I agree. It seemst hat Beck’s theory is really a defense of the “firm” as a concept–as per Becker’s theory–but not necessarily the corporation as such.
Of course, the differences between the various limited partnership entities, limited liability companies, and corporate structures that exist today are largely artifacts of the tax code. If you postulate that the prime function of the corporation is to raise capital while limiting liability, I have no idea what would happen if investor liability were a legal impossibility. I suspect there would be a rapid clamoring for some sort of investor protection to enable companies that required a particular size to raise the necessary capital, whether the form be expanded limited partnerships or joint stock companies or what-not.
It’s sort of one of those “if they didn’t exist, we’d have to invent them situations”. Generally, I hate that argument, but it applies here, at least if you want an industrial economy which seeks to maximize innovation and investment.
The aggregation of sufficient capital to launch the tens of thousands of corporations in this country require highly distributed investment. Investors want to be able to invest small amounts in a wide range of ventures–this minimizes their risk while allowing them to participate in capital formation and higher-than-savings-and-loan returns on investment.
Lots of people like to complain about the fact that share holders in a corporation aren’t liable for anything negative their corporation does–creating an incentive for risk-taking behavior while decreasing incentives for effective oversight. These objections have a fair point, and go a long way towards justifying government involvement in publicly traded companies.

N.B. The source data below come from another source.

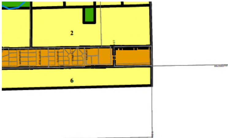
Future land use map as adopted Dec. 2003

The Village of Alda approved a future land use map as part of their comprehensive development plan on December 2, 2003. The Norma Cunningham Estate is requesting an amendment to the future land use map of for property located at the corner of 60 th and Wildwood. The amendment as shown on the attached map would declare the subject property as planned for light industrial developments. This property has been the location of as many as 13 Quonset type buildings since at least 1957 based on aerial photography archives.
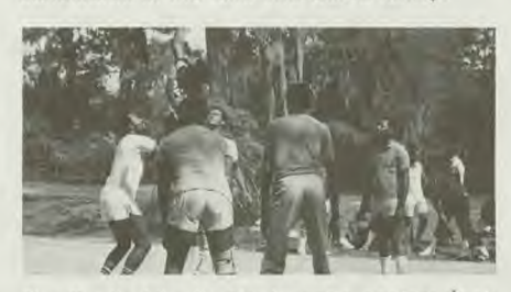
The South Atlantic Conference pastors took on the Southeastern Conference pastors in a basketball showdown.
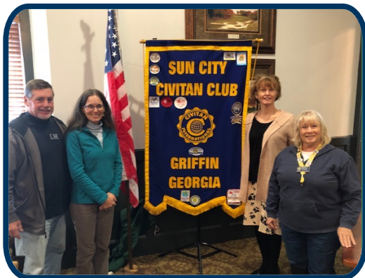
Sun City Civitan in Griffin held a drive-thru tool drive for Tools For Empowerment
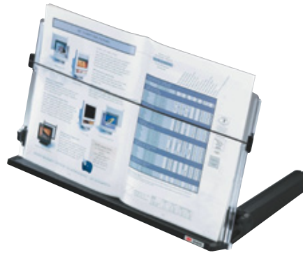
3M In-Line Document Holder DH640
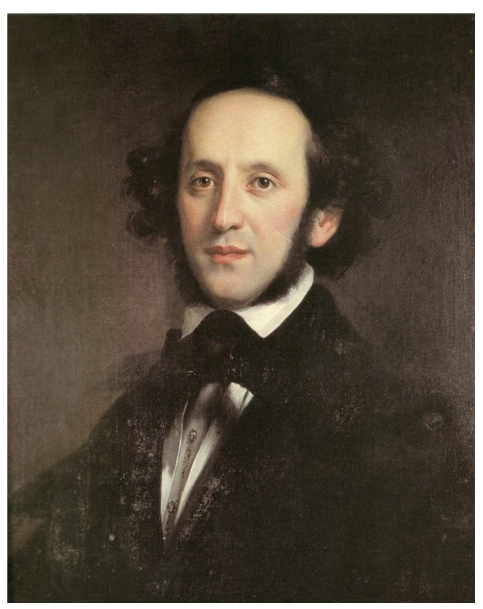
Felix Mendelssohn portrait by Edward Magnus 1846
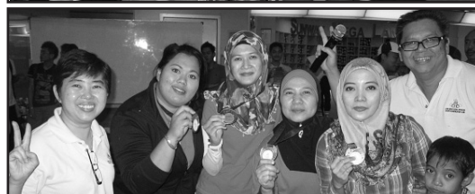
2 ND RUNNER UP MIXED GROUP

Nonetheless, it’s this very risk-seeking behavior which makes for successful industrialists, industries, and ultimately, national economies. For instance, the leniency of American bankruptcy laws are often cited as a reason for American economic prosperity. In Europe, bankruptcy court is basically just a tool to facilitate liquidation of assets and fair distribution of whatever’s left to creditors. American bankruptcy laws are intended to allow a restructuring period so the company can gain a second life.
All of these advantages would be difficult to attain if owners were required either to devote a significant amount of time to managerial oversight, or to expose themselves to liability beyond their initial investment. So while the corporate form–the “artificial legal entity”–might not be absolutely necessary (or remotely necessary to the conservative ethos), some similar system is necessary to truly leverage the full advantages of this wonderful thing we call capitalism.
I offer you a counter-question to your original question. You asked if corporations are necessarily conservative. Perhaps that’s the wrong question. Corporations are just an organizational form within the broader capitalist system. Perhaps you should be asking whether capitalism itself is necessary to the conservative philosophy?
One factor that should be considered is the effect of the coporation on our legal and political structure. The existence of these complex, artificial legal personalities may require, and certainly has historically resulted in, a bloated national bureaucracy to monitor and regulate them. Does big business beget — either in principle or by unintended but still natural consequence — big government?
And to answer Beck’s question, conservatism does not require capitalism, although an American conservative should be mindful of this country’s strong traditions of relative economic freedom.
I agree that the corporate form is necessary to leverage the full economic growth advantages of capitalism. The question is, what are the direct and indirect costs (social, moral, etc.) of full and true capitalism and its necessities? And are they worth it?